--- START ---

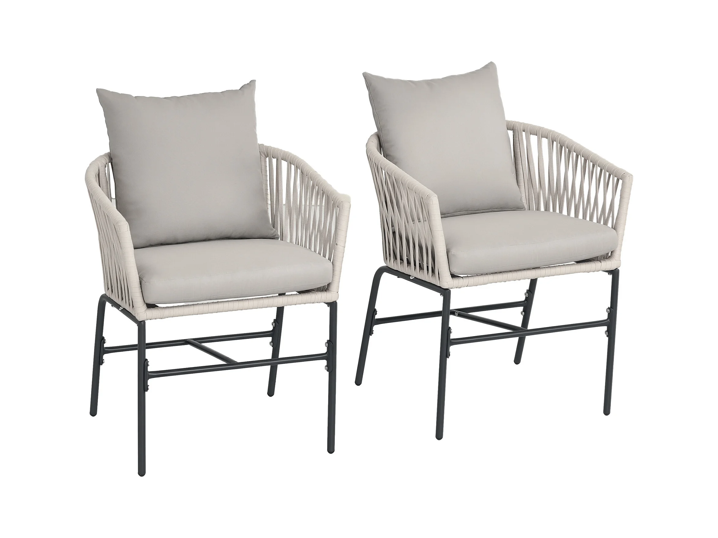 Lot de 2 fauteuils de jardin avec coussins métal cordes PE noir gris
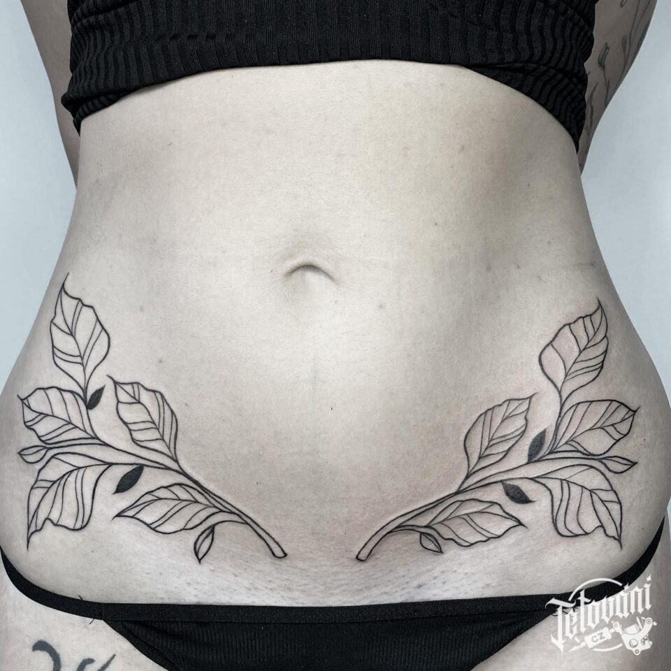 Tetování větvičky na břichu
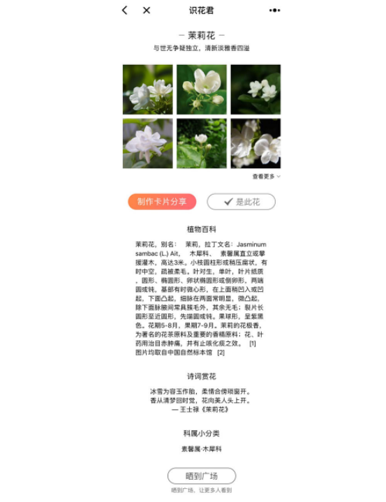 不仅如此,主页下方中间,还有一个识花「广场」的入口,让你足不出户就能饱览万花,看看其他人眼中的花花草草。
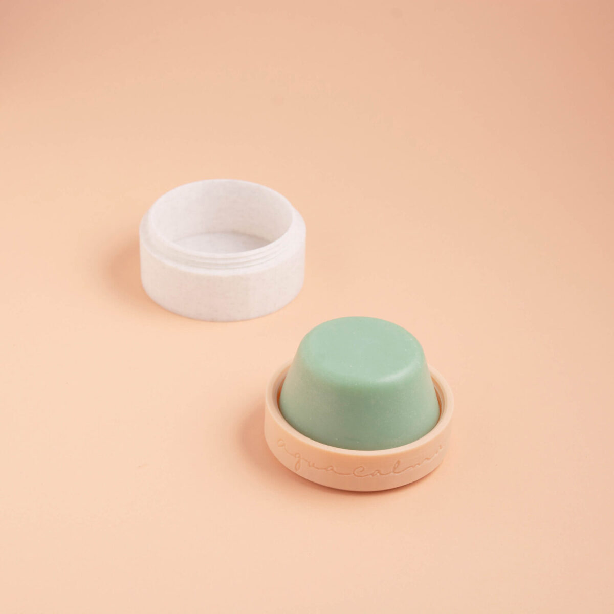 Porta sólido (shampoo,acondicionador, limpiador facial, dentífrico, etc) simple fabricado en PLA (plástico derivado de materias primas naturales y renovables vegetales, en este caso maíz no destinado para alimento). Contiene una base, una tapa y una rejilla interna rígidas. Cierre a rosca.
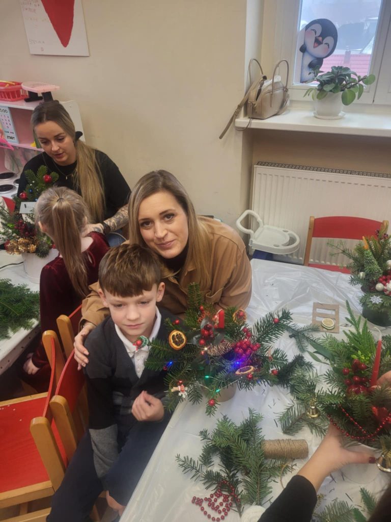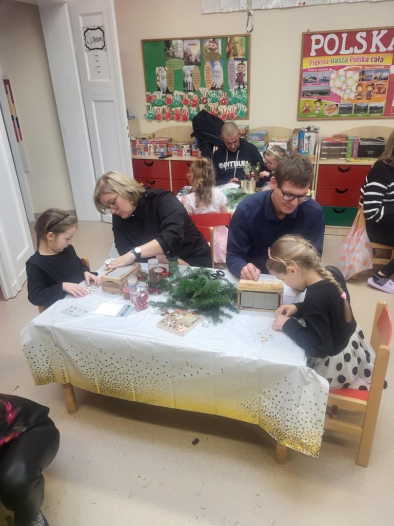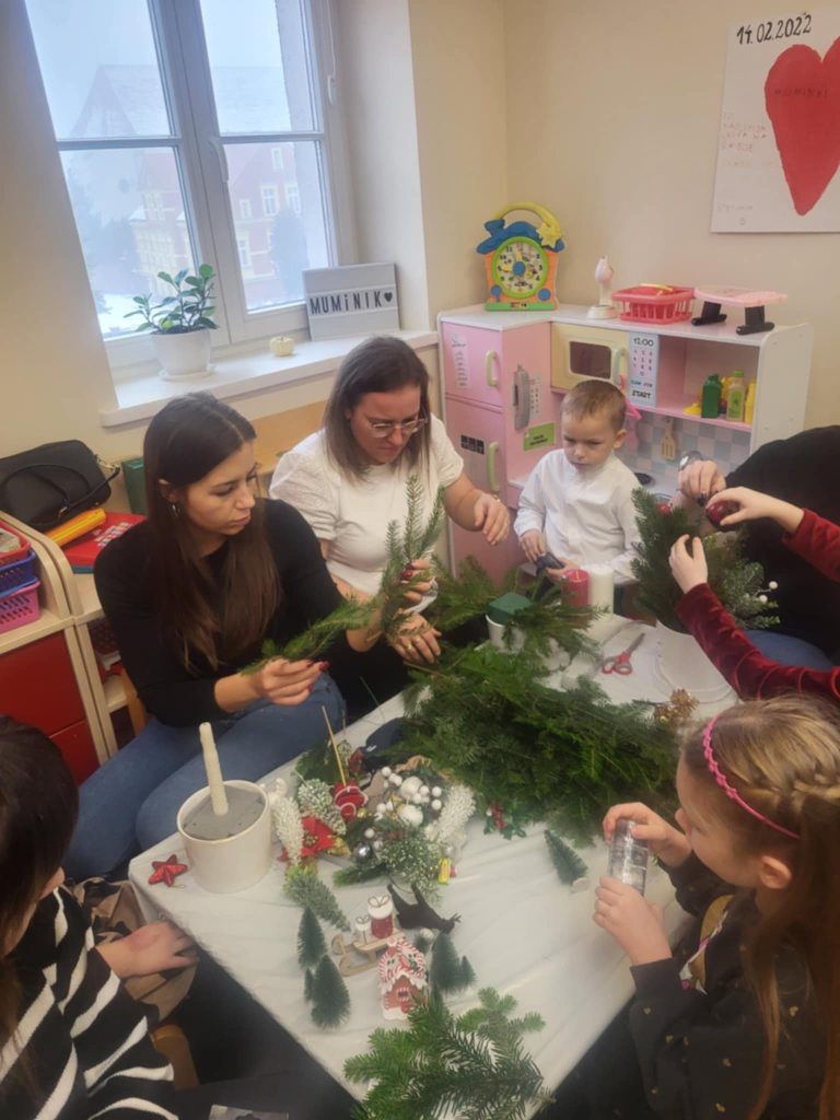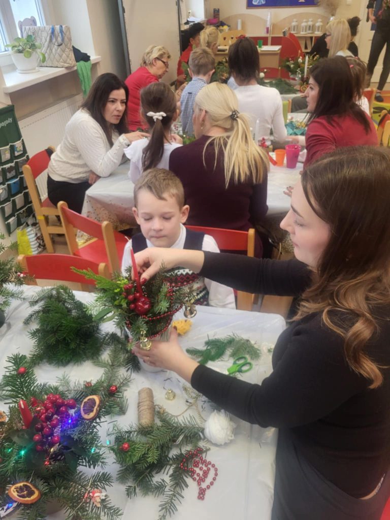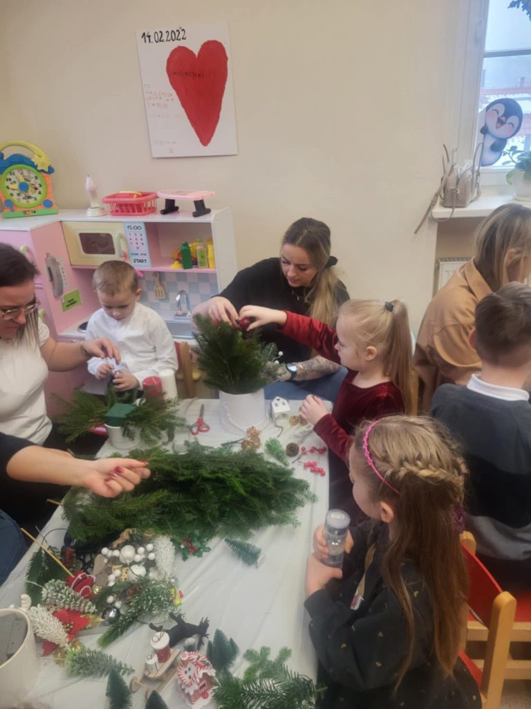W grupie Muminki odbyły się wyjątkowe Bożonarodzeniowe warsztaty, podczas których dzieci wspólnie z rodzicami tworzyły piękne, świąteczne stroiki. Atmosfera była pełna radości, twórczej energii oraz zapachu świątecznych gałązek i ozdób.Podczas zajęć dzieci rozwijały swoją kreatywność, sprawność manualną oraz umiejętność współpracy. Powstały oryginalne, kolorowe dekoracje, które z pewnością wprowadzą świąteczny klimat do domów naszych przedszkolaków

--- END ---
--- START ---

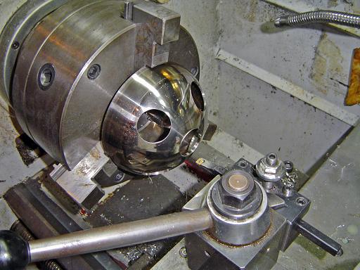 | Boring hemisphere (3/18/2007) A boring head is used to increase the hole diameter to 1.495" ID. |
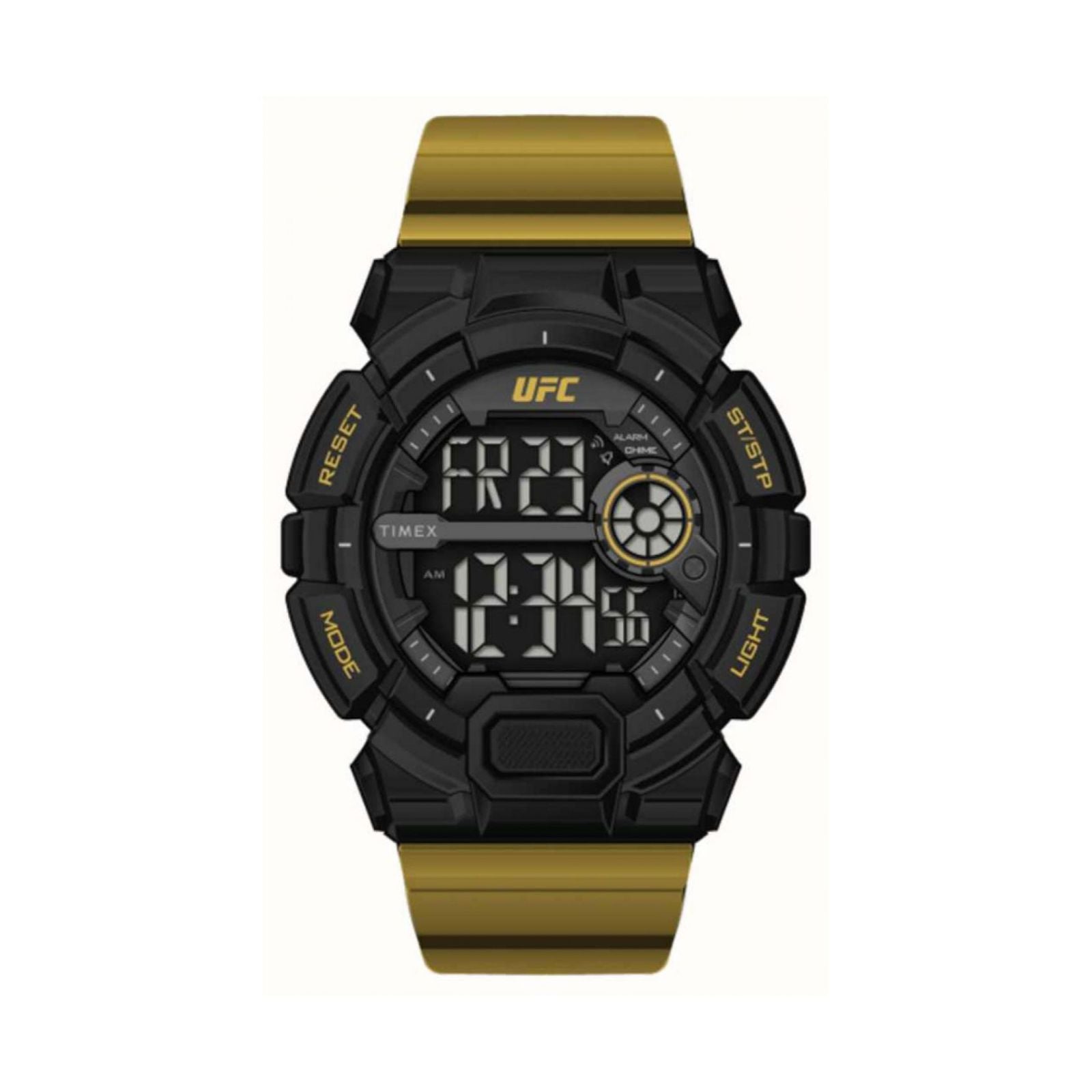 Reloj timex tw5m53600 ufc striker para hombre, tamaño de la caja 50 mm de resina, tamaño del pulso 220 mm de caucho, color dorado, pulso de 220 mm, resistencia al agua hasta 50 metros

--- END ---

Transcribe, word for word, the lines of the listing above from the one that contains "不仅如此,主页下方中间,还有" through the one that contains "W grupie Muminki", keeping both ends and dropping the pictures.

* **Written answer**
 不仅如此,主页下方中间,还有一个识花「广场」的入口,让你足不出户就能饱览万花,看看其他人眼中的花花草草。
 Porta sólido (shampoo,acondicionador, limpiador facial, dentífrico, etc) simple fabricado en PLA (plástico derivado de materias primas naturales y renovables vegetales, en este caso maíz no destinado para alimento). Contiene una base, una tapa y una rejilla interna rígidas. Cierre a rosca.
W grupie Muminki odbyły się wyjątkowe Bożonarodzeniowe warsztaty, podczas których dzieci wspólnie z rodzicami tworzyły piękne, świąteczne stroiki. Atmosfera była pełna radości, twórczej energii oraz zapachu świątecznych gałązek i ozdób.Podczas zajęć dzieci rozwijały swoją kreatywność, sprawność manualną oraz umiejętność współpracy. Powstały oryginalne, kolorowe dekoracje, które z pewnością wprowadzą świąteczny klimat do domów naszych przedszkolaków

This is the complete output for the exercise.